We choose three allowed benchmark points per model to illustrate the analysis strategy described in the following sections. These points are marked as yellow circles in Fig. 6. For the singlet model, one of the benchmarks features VLL masses as low as 300 GeV and \(M_S=800\) GeV, while another one presents \(M_F = 600\) GeV for the same scalar mass. The third benchmark, with \(M_F,M_S = 800,500\) GeV, displays the opposite mass hierarchy, allowing on-shell decays of the VLLs through the \(S_{ij}\). In the doublet model values below \(M_F=800\) GeV are excluded regardless of \(M_S\). We have chosen a benchmark which saturates this bound, with \(M_F,M_S = 800,1200\) GeV. The two remaining benchmarks present the inverse mass hierarchy, allowing for on-shell \(\psi \rightarrow S\ell \) decays. The chosen parameters are \(M_F,M_S = 850,500\) GeV and \(M_F,M_S = 1000,800\) GeV, which in both cases lie at the frontier of the probed parameter space (see again Fig. 6).

In Fig. 7 we show the \(L_T\) distributions for these benchmarks (long-dashed curves) to explicitly show that they pass 4L constraints, that is, are within the CMS plus \(1 \sigma \) range (hatched area).

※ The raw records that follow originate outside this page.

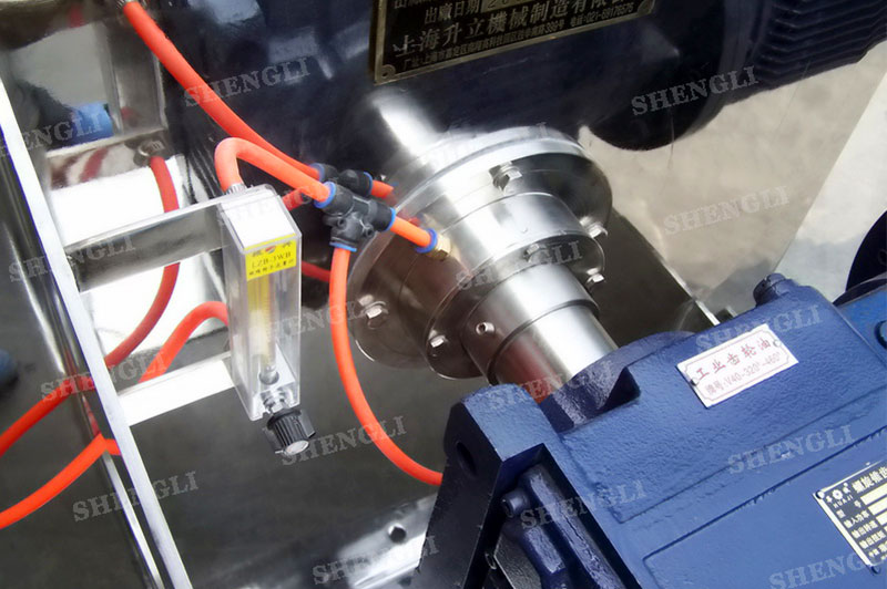 設(shè)備配置:配置K系列減速機,直角安裝;搭載兩臺3KW的高速飛刀;開設(shè)快開式檢修門及投料口;出料口采用氣動翻板閥;主軸與飛刀主軸采用氣密封;飛刀處設(shè)加液噴頭;設(shè)備內(nèi)、外表面鏡面拋光。
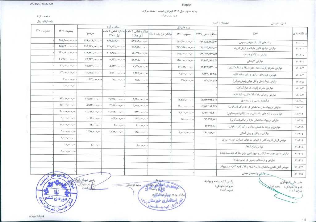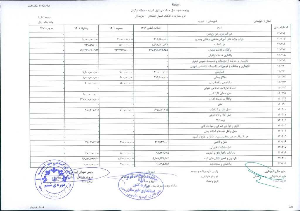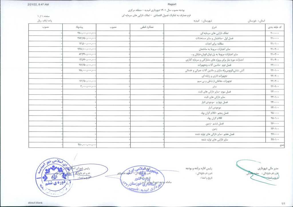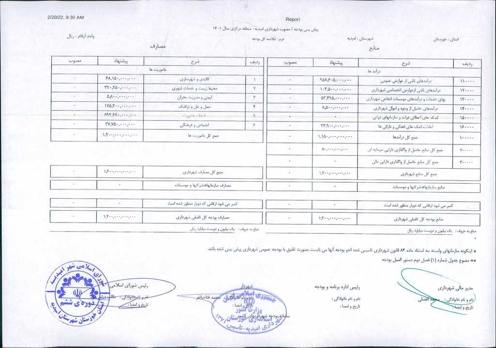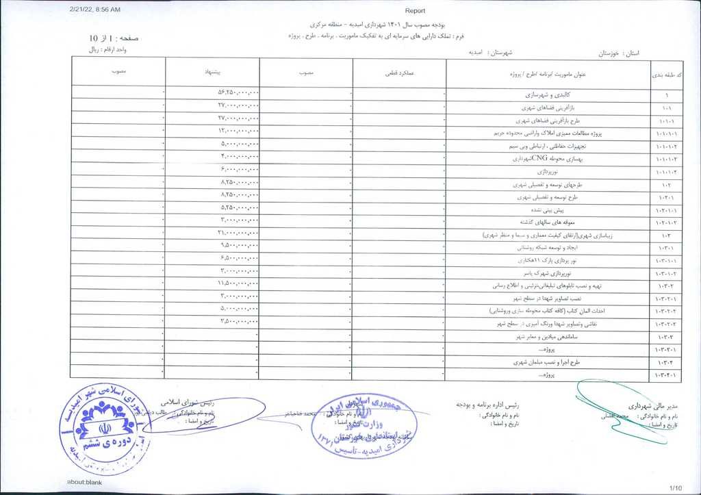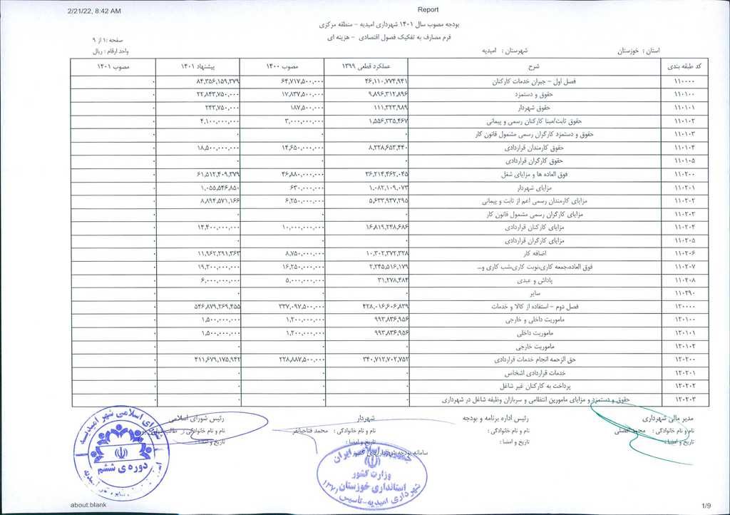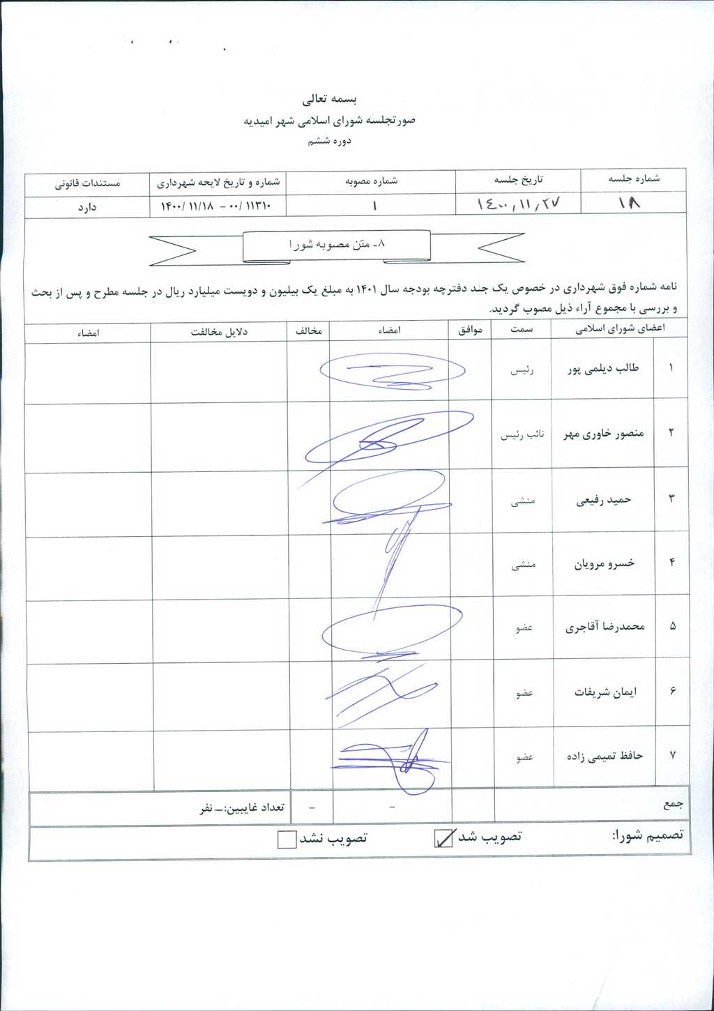 مصوبه شماره ۱ جلسه شماره ۱۸ مورخ ۱۴۰۰/۱۱/۲۷ شورای اسلامی شهر امیدیه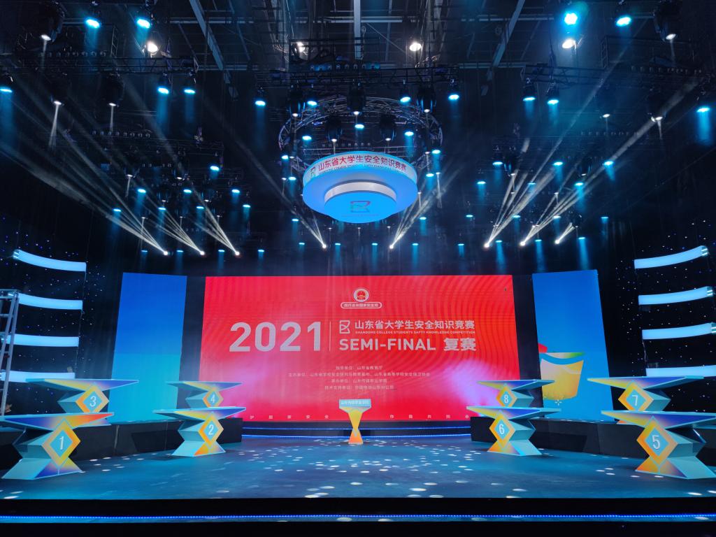 山东省大学生安全知识竞赛活动的主题是“维护国家安全 你我共同承担”,由山东省教育厅、山东省公安厅、山东省国家安全厅、山东省应急管理厅、山东省广播电视局、山东省消防总队指导,山东省学校安全研究与教育基地、山东省高等学校安全保卫协会主办,山东传媒职业学院承办,中国电信山东分公司提供技术支持。活动自2021年2月19日启动以来,全省高校热情响应、积极参与,截至目前,参与学生达到200多万人次,经过校内选拔赛、片区赛选拔,14所院校进入复赛。27日上午,在学院600平演播厅进行复赛,最终山东药品食品职业学院、山东警察学院、中国海洋大学、临沂科技职业学院、山东理工大学、曲阜师范大学、济南大学和山东传媒职业学院等8所高校代表队会师决赛。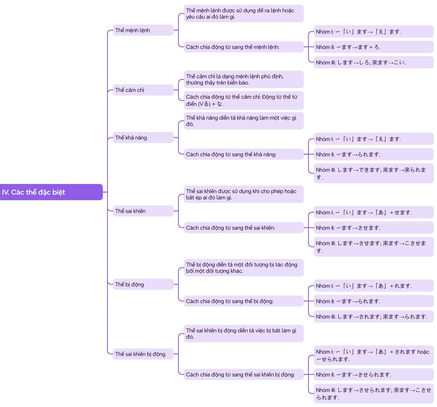 Sơ đồ chia các Thể Động Từ trong tiếng Nhật

6 Optimized observables and null tests

In this section we design novel observables which target specific flavor features of our models and can serve as null tests of the SM. These optimized observables consist of invariant mass distributions which aim at reconstructing the masses of the new scalars and the VLLs. The latter are reconstructed through their decays to electroweak bosons, h and S plus lepton; final states with neutrinos are mostly removed through cuts on the missing transverse momentum, see Table 2. Thanks to the large values of \(\kappa ^\prime \), VLL decays to \(S_{ij}\) plus charged lepton are dominant when the \(S_{ij}\) can be produced on-shell, see Fig. 3, but remain significant also for \(M_F\lesssim M_S\). Key modes to probe VLLs and scalars with flavor are the decays (10) and (11) of the negatively charged \(\psi _i\) into six leptons

$$\begin{aligned} \begin{aligned} \psi _i {\overline{\psi }}_i&\rightarrow \ell ^-_ j S_{ij}^* \ell ^+_k S_{ik} \rightarrow \ell ^-_j \ell ^+_j\ell ^-_i \ell ^+_k \ell ^-_k\ell ^+_i \quad \mathrm{(singlet),} \\ \psi _i^- \psi _i^+&\rightarrow \ell ^-_ j S_{ji} \ell ^+_k S_{ki}^* \rightarrow \ell ^-_j \ell ^+_j\ell ^-_i \ell ^+_k \ell ^-_k\ell ^+_i \quad \mathrm{(doublet)\,} \, , \nonumber \\ \end{aligned}\\ \end{aligned}$$
(14)

which enable to construct the \(S_{ij}\) out of two leptons with opposite charge and same or different flavor. Combining these two leptons with a third one carrying the same flavor and opposite charge as one of the leptons in the initial pair enables us to reconstruct the \(\psi _i\). We reconstruct masses of the Z- and Higgs-boson as well as the masses of the new scalars \(S_{ij}\) considering jets (for Z and h only) and charged leptons as the final states. These invariant masses computed from two final-state particles are referred to as \(m_{2\ell }\). The subset of invariant masses reconstructed from leptons with different flavor are called \(m_{2\ell }\_{\mathrm{diff}}\). Combining the reconstructed bosons with the remaining charged leptons gives the reconstructed masses of the VLLs, called \(m_{3\ell }\) and \(m_{3\ell }\_{\mathrm{diff}}\).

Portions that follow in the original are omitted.